I was listening to the most recent episode of Naked Astronomy and in particular I noted Andrew Pontzen's response to the question from David Walker about whether there was a bias as to whether a particle or an antiparticle fell into a black hole in the particular depiction of Hawking radiation where such a pair of particles is produced around the event horizon.

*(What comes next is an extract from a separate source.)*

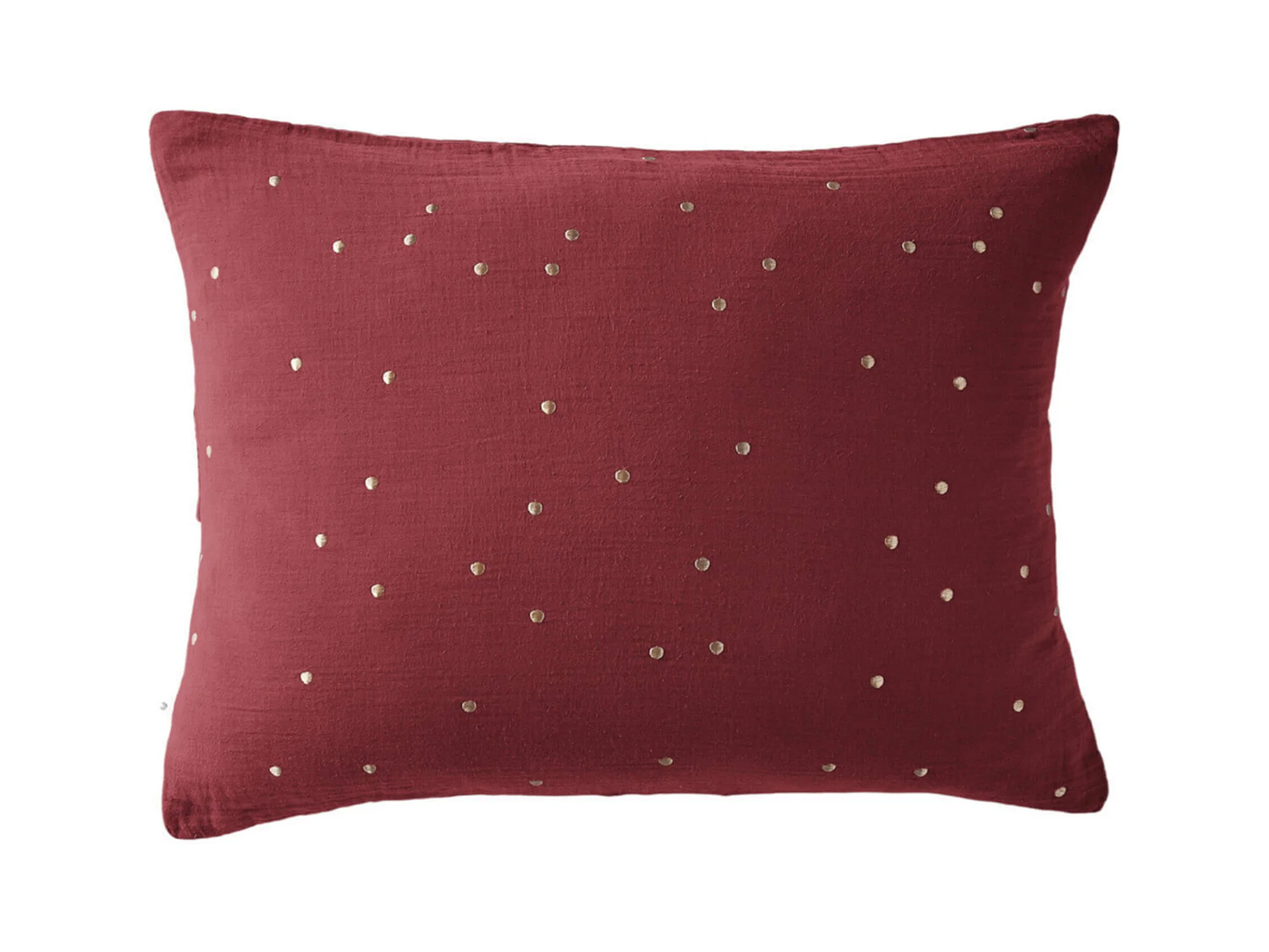 Taie d'oreiller à pois brodés double gaze de coton bordeaux 60x60 cm

Now, I am not a physicist, but it seems to me that Andrew's explanation was just plain wrong.  It seems to me that it does not matter whether the particle that escapes the black hole is a particle or an antiparticle...the black hole will lose mass equivalent to the energy of the particle emitted, so no bias in absorbing particles or antiparticles need exist.  The issue is not whether matter or antimatter falls into a black hole--in both cases, the black hole will grow by the mass of the object

I think that it's helpful to think of this in terms of the equivalency of matter and energy.  In this view, matter and antimatter are two different manifestations of energy that have the property of transforming into gamma radiation when corresponding particles of the two types (like a positron and an electron, a proton and an anti-proton, etc.) interact.  However, this interaction does not destroy the energy of the two particles.  Instead, it is emitted in the gamma radiation from the reaction.  As such, such an interaction occurring within the event horizon would have no effect as regardless of the form of the energy, it would continue on toward the singularity.

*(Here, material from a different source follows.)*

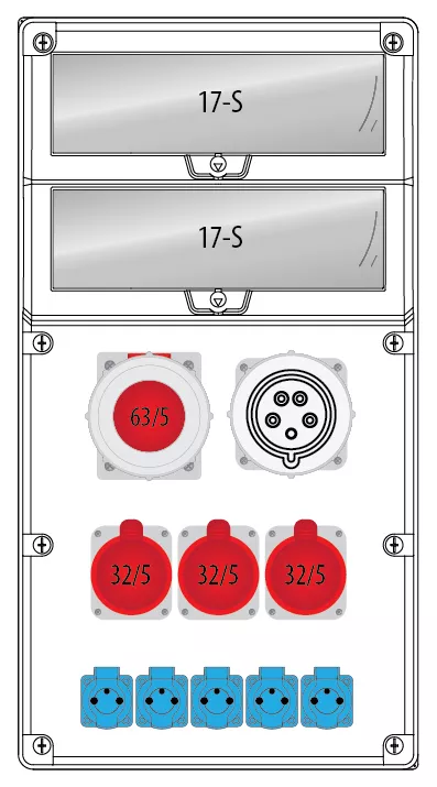 Rozdzielnica R-BOX 740 34S: 1x63A/5P, 1xWTP63A/5P, 3x32A/5P, 5x250V, 400V, IP44
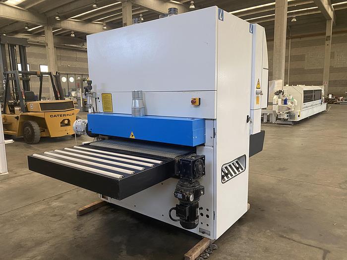 Control system with Hydra 25 color display Terminal with the possibility of memorizing program positions Automatic adjustment in real time of all the parameters necessary for processing Feed speed from 4.5 to 18 mt / min Working width 1350 mm Abrasive belt width 1370 mm Abrasive belt length 2620 mm Infeed roller table for long pieces Exit roller table for long pieces 60 sh rubber conveyor belt Automatic positioner of the working thickness table Working height 4 - 200 mm No. 3 working groups: * 1 Roll of diameter 250 mm. in rubber 30 sh * 2 Combined roller / pad assembly: Helically grooved steel roller Electronic EPICS pad sectioned into 46 sectors * 3 Brush group at the outlet Pneumatic on-off of the rollers Oscillating blower for belt cleaning 1/2 group two-speed motor 18.5 kw

An antiparticle falling into a black hole makes the black hole more massive because antiparticles, just like their matter counterparts consist of a positive amount of energy.  So an antiparticle annihilating with a bit of matter falling into a black hole would not have any effect on the black hole's end mass--the gamma photon produced would still become a part of the black hole's mass, which is merely a manifestation of its energy.

So how does the conventional Hawking radiation explanation work?  In works on the properties of virtual particles, which come in and out of existence with no net change in energy.  In the case of Hawking radiation, a matter-antimatter pair form around the event horizon and one of the pair leaves the black hole's gravitational pull while the other falls in.  While it would seem that the one falling in would make the black hole larger, it must be remember that these particles came into being out of no energy and so the black hole ends up paying the "debt" of the particles' creation with its mass and this debt happens to be twice as large as the particle that fell in, as the other one escaped.

Ben Main
Neenah, WI, USA

Answer

This is Ben Main's complete question - for Andrew's answer, please listen to the podcast...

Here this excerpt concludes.